Repeat the data that follows exactly, starting at the line with "Pretty in pink!" and ending at the line with "To prepare, lay", and leave out every picture.

EXCERPTED DATA:

▬▬▬

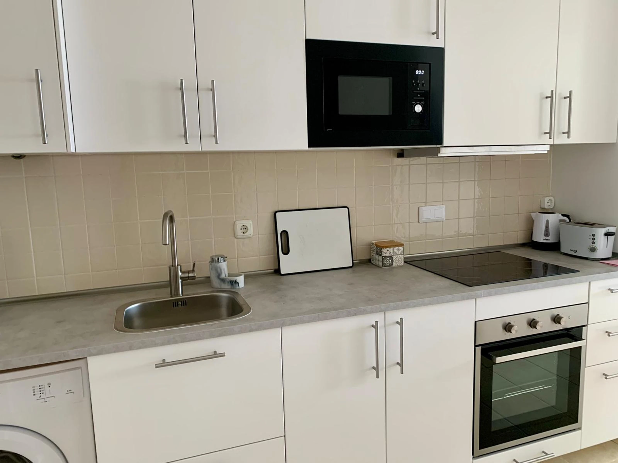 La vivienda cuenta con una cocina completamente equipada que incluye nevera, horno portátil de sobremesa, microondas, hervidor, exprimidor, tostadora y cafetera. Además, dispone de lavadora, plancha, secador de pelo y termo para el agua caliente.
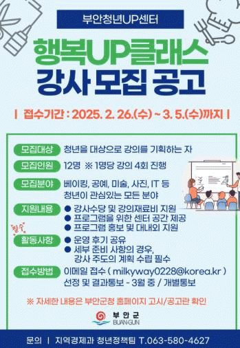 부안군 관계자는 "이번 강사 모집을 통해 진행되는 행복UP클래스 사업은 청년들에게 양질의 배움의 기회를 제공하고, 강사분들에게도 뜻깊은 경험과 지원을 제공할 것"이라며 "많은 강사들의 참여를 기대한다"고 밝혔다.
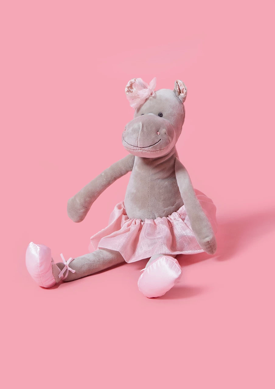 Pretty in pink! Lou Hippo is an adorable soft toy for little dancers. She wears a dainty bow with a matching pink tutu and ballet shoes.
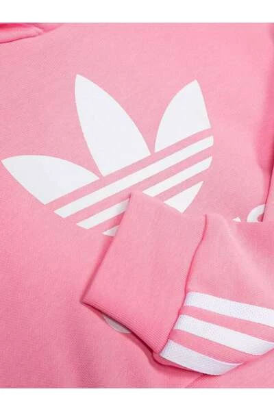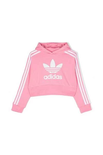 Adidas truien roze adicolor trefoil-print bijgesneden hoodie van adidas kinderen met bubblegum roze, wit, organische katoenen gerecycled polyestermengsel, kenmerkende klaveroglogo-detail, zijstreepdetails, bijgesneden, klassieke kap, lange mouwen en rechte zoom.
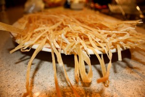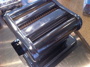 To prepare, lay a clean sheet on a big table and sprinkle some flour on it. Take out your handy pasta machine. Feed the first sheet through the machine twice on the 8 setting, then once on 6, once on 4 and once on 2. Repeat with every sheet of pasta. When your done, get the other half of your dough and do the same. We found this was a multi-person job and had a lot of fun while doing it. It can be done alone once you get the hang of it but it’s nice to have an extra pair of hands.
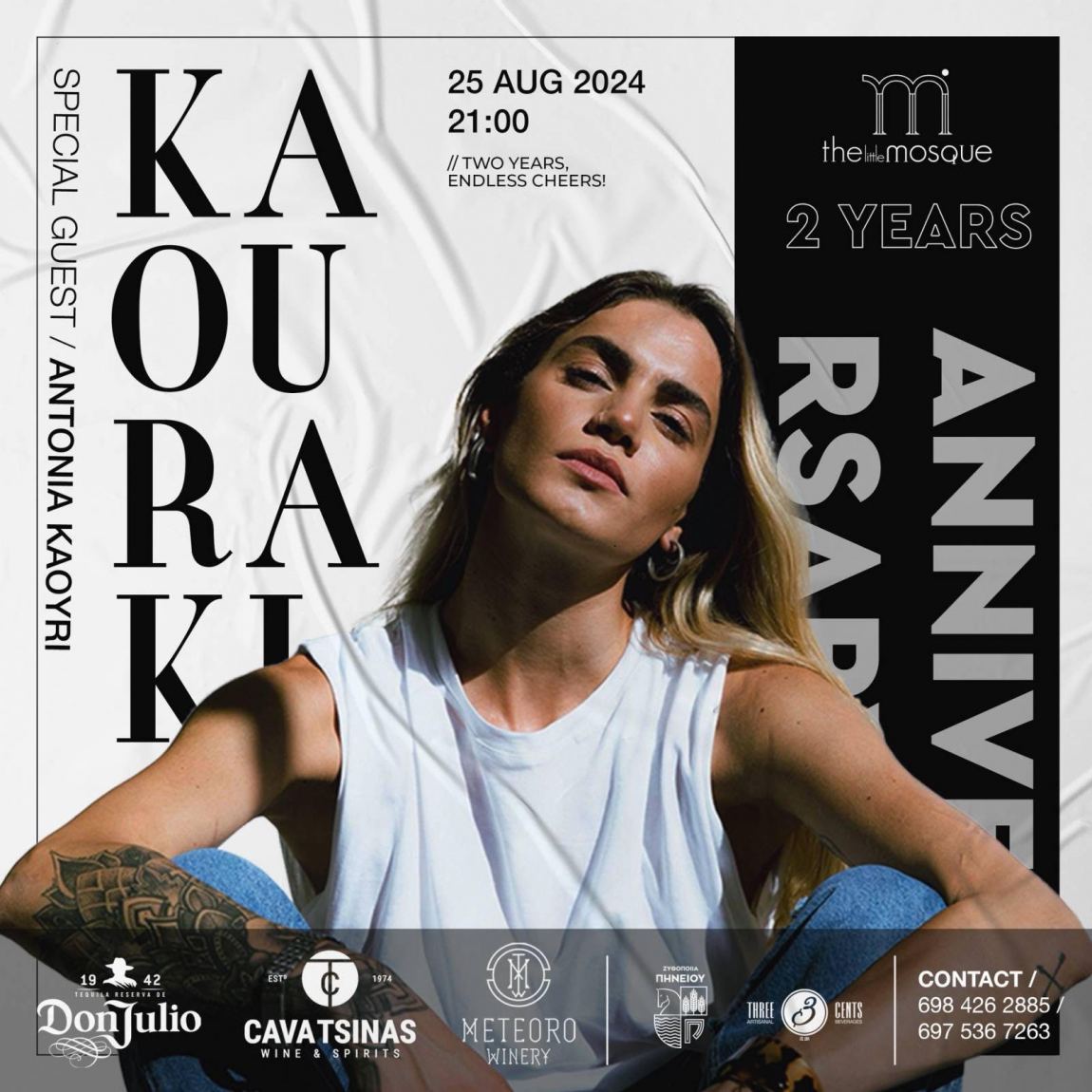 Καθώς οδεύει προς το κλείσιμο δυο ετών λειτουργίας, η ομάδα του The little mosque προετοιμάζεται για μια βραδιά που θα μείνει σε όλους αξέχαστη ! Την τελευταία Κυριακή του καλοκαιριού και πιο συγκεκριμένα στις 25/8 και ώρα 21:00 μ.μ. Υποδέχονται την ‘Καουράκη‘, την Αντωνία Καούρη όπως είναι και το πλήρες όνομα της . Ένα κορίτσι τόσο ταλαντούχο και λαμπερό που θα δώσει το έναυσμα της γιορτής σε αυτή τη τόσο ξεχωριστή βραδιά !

▬▬▬

WRITTEN SOLUTION:
 Pretty in pink! Lou Hippo is an adorable soft toy for little dancers. She wears a dainty bow with a matching pink tutu and ballet shoes.
 Adidas truien roze adicolor trefoil-print bijgesneden hoodie van adidas kinderen met bubblegum roze, wit, organische katoenen gerecycled polyestermengsel, kenmerkende klaveroglogo-detail, zijstreepdetails, bijgesneden, klassieke kap, lange mouwen en rechte zoom.
 To prepare, lay a clean sheet on a big table and sprinkle some flour on it. Take out your handy pasta machine. Feed the first sheet through the machine twice on the 8 setting, then once on 6, once on 4 and once on 2. Repeat with every sheet of pasta. When your done, get the other half of your dough and do the same. We found this was a multi-person job and had a lot of fun while doing it. It can be done alone once you get the hang of it but it’s nice to have an extra pair of hands.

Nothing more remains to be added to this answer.